Critics have also attacked Khan's failure to get to grips with the country's longstanding economic woes, which underpinned his decision to oppose a complete lockdown, citing the threat to the livelihoods of Pakistanis. 

Pakistani minister Fawad Chaudhry (l.) with Prime Minister Imran Khan in 2018
Pakistani Cabinet Minister Fawad Chaudhry (l.) with Prime Minister Imran Khan in 2018Image: AFP/Getty Images

Military power grab during pandemic? 

Chaudhry lauded his government's response to the COVID-19 threat, led by the prime minister's policies, he said, and instead there had been partial and "very well-managed lockdowns."

The prime minister was perceived as dithering in the early stages of the global health emergency, leaving an opportunity for the country's military to take a more prominent role and a tougher approach.

Chaudhry disputed this account, saying the "military is part of the government" and "the policies of the government have the full support of the army."

"The Pakistani prime minister calls the shots and the Pakistan army supports him," he told Conflict Zone host Sarah Kelly. 

Accusations of party favors 

Khan, a former cricket star, gained public support too for his pledges to tackle the country's corruption problems. 

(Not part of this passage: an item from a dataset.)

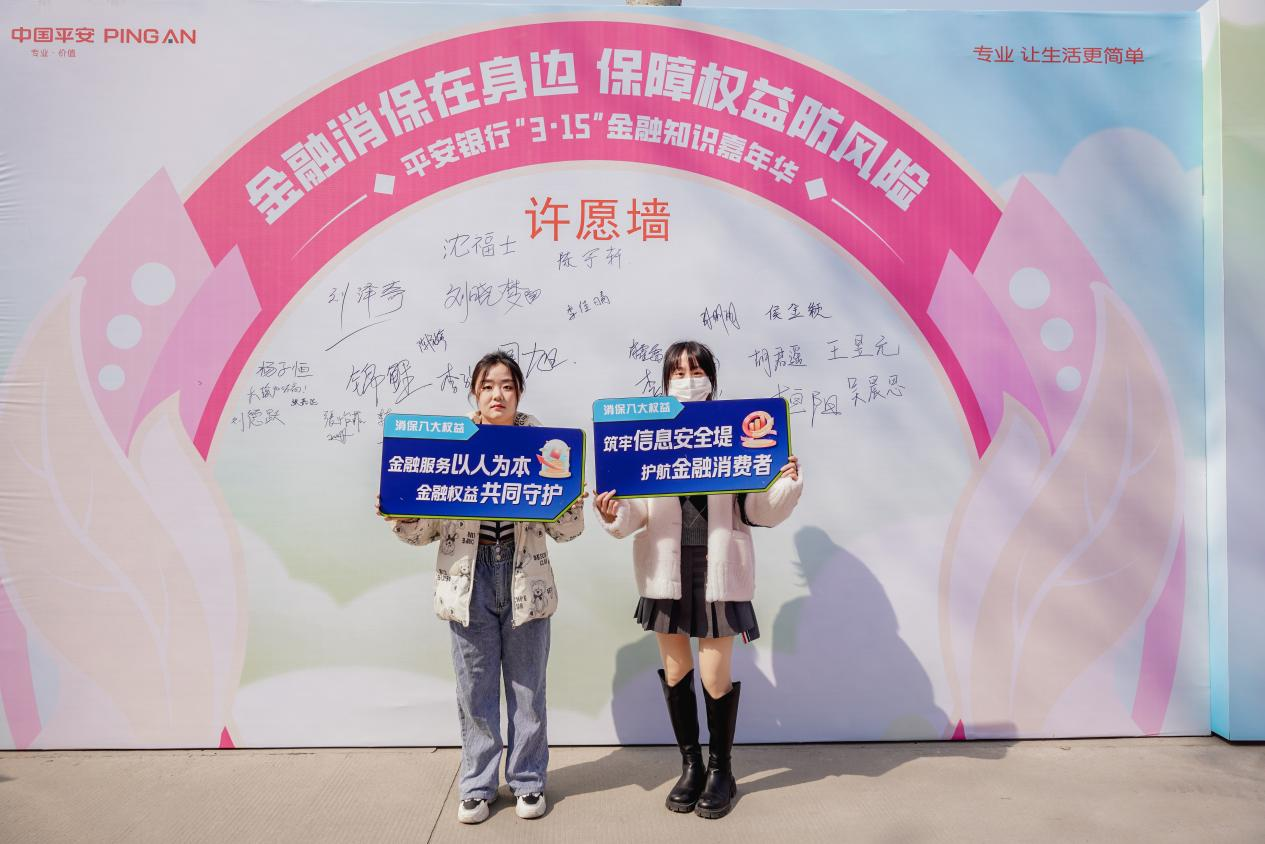 活动现场,通过发放宣传折页、案例讲解、现场咨询等方式,面向在校生消费者普及金融消费者的八大权益,讲解金融保险诈骗的主要手段,提醒同学们远离不良校园贷,理性消费,加强个人信息保护,提升防非反诈意识,守护好自己的钱袋子。活动现场气氛热烈,同学们踊跃参与理性维权“套圈圈”、组队游戏“谁是卧底”、签名留念“许愿墙”等活动,在趣味游戏中加深对金融消保知识的了解。
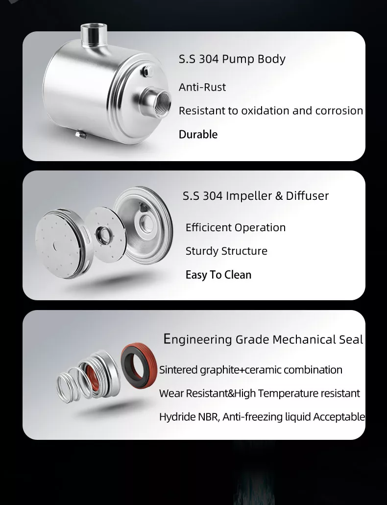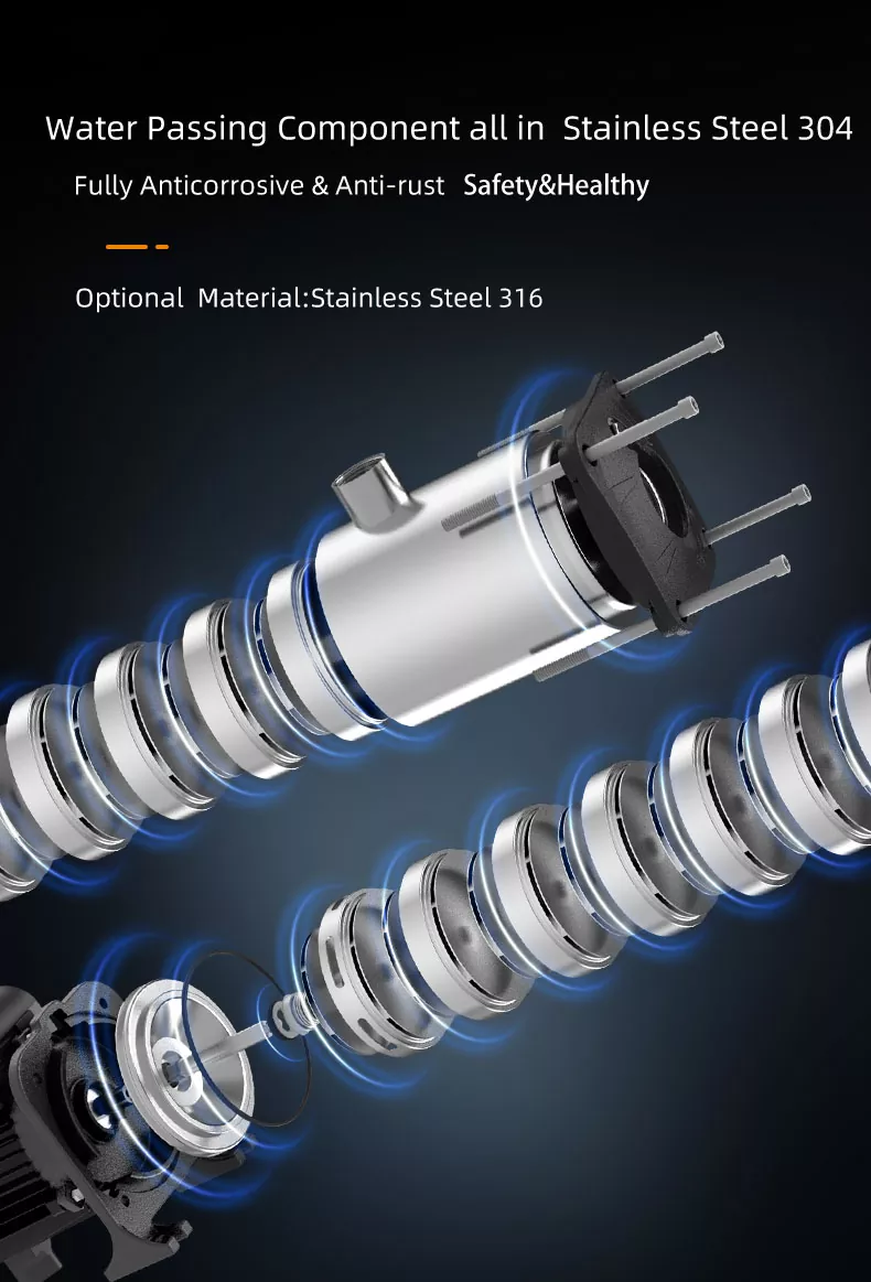 2. Tvirta konstrukcija: mūsų daugiapakopis siurblys pagamintas iš aukščiausios kokybės medžiagų, kurios užtikrina ilgalaikį patikimumą ir minimalius priežiūros reikalavimus, sutaupydami laiko ir pinigų.

Since coming to power in 2018, the country's anti-corruption National Accountability Bureau (NAB) has arrested almost a dozen opposition politicians, but none from Khan's own party.  

"Why would anyone have been arrested from my party?" said Chaudhry. 

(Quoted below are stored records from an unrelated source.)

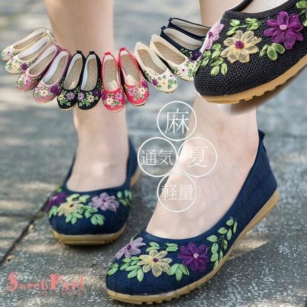 走れるパンプス レディース パンプス 麻 フラット シューズ 靴 痛くない 歩きやすい ぺたんこ 花柄 刺繍
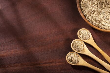 golden flaxseed meal - a ceramic bowl on grunge wood background with a copy space
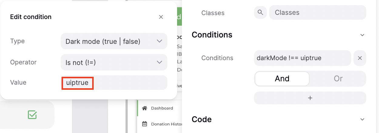 When using a Dark mode condition, it wasn’t working with the value of “true“, so I searched the UiPress source code and found “uiptrue”, which works. That seems like a confusing bug.
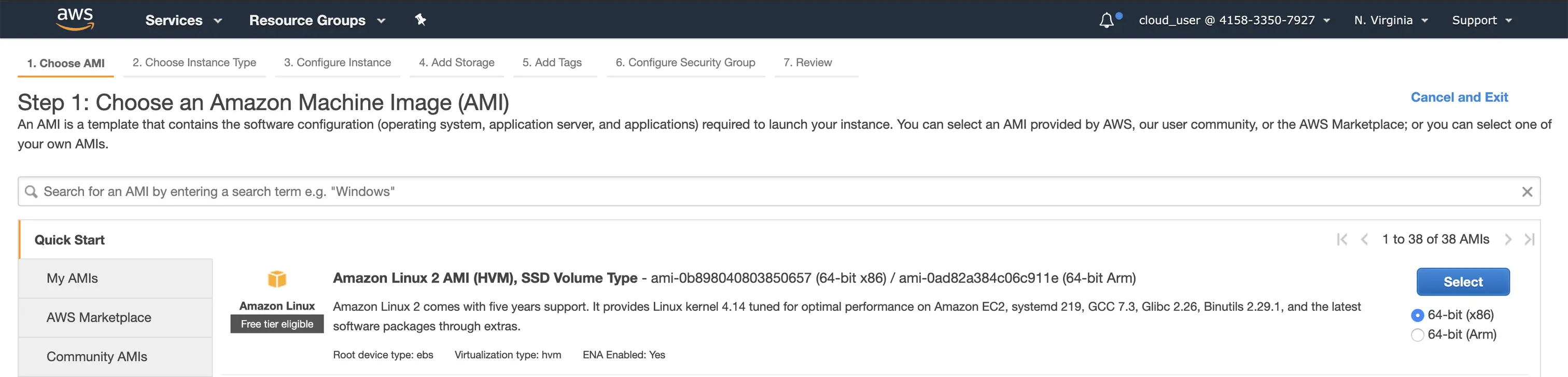选择 Amazon Linux 2 AMI 镜像
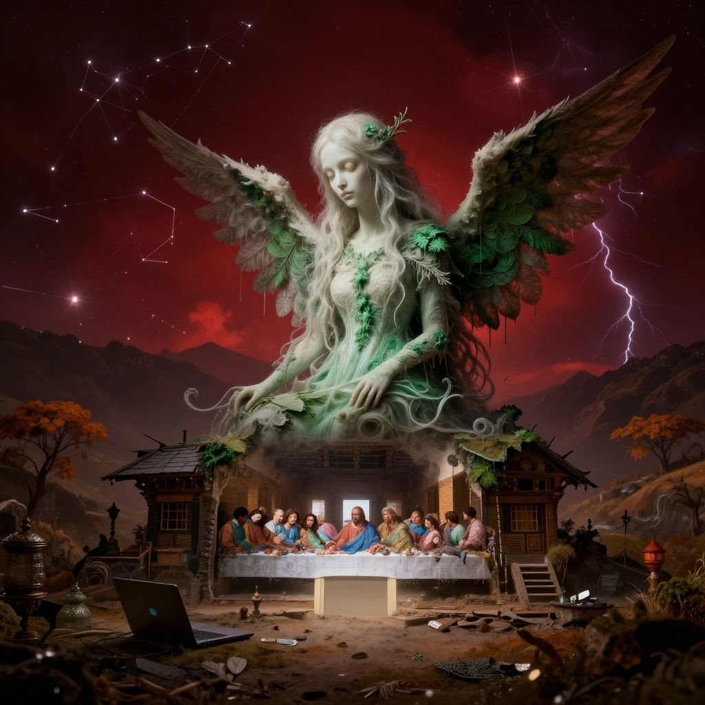 Tv_Adeline_MXAI, [ (surrealism art by Thomas Barbey:1.2) : (Takeshi Kitano:1.3) : (Laurel Burch:0.9) :11], grand Unreal Engine, highly detailed, long shot of a Nepalese ([Farmhouse:Laptop:5]:1.3), it is very Biomorphic and Angelic, it is in a Elder Scrolls setting, it is smooth, Constellation background, fall hillside and space, Thunderstorm, in focus, Realistic, Frightening, Thriftcore, dark red lighting, F/8, Warm Colors, dripping with dark green, White and Green details, in the style of the last supper, adobe lightroom, wallpaper

Pakistan's Supreme Court expressed serious concerns in 2020 that the NAB was selectively applying the law, while the Supreme Court Bar Association and the Pakistan Bar Council said it had "become a tool for arm-twisting of political opponents of government of the day" and was losing its credibility as a result. 

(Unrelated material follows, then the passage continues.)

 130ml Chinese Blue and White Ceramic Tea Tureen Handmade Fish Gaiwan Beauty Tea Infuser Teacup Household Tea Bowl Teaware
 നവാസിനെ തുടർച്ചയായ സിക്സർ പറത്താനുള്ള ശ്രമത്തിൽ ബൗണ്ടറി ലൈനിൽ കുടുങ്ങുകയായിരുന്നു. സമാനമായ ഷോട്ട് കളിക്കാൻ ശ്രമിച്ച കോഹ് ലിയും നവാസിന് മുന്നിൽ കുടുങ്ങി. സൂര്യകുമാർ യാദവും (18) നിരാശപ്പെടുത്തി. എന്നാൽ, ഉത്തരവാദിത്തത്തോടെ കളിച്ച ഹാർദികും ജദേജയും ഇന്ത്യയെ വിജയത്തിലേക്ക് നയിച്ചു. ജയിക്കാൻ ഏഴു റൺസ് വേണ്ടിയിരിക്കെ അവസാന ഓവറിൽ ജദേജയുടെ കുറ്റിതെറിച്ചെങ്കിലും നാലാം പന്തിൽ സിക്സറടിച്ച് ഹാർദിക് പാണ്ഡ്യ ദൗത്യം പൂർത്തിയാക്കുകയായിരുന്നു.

Chaudhry said the NAB was set up long before the Khan government and stood by its operation.   

"Maybe you can give this impression to the foreign media that there is witch hunting, but the fact of it is every Pakistani knows that all the cases are based on the merit," he said

Is Pakistan moving towards Chinese model of internet censorship?

Free press or 'climate of fear'? 

But as of January, the foreign media now has one less opportunity to report on Pakistan, after the BBC cancelled its daily Urdu-language news bulletin citing repeated "interference."

The channel that broadcast the bulletin, AAJ TV, censored "certain content because of constant pressure from Pakistan’s political and military establishment," watchdog group Reporters Without Borders said.

Human Rights Watch has also reported journalists' increasing self-censorship, as a "climate of fear continues to impede media coverage of abuses by both government security forces and militant groups."

Did the minister, also a former journalist, believe such intimidation was acceptable? 

"No, it is not acceptable," said Chaudhry. "I believe media is probably one of the most free media that the world can imagine we have in Pakistan.  

"There's no denial of the fact that Pakistani media is very, very powerful. And actually, many people believe there should be strong defamation laws, which are not here, unfortunately, but Pakistani media, I see no problem with the freedom of expression."

Four journalists and a blogger were killed in Pakistan in 2019 in connection with their reporting, according to Reporters Without Borders, which ranks Pakistan 145th out of 180 countries for press freedom.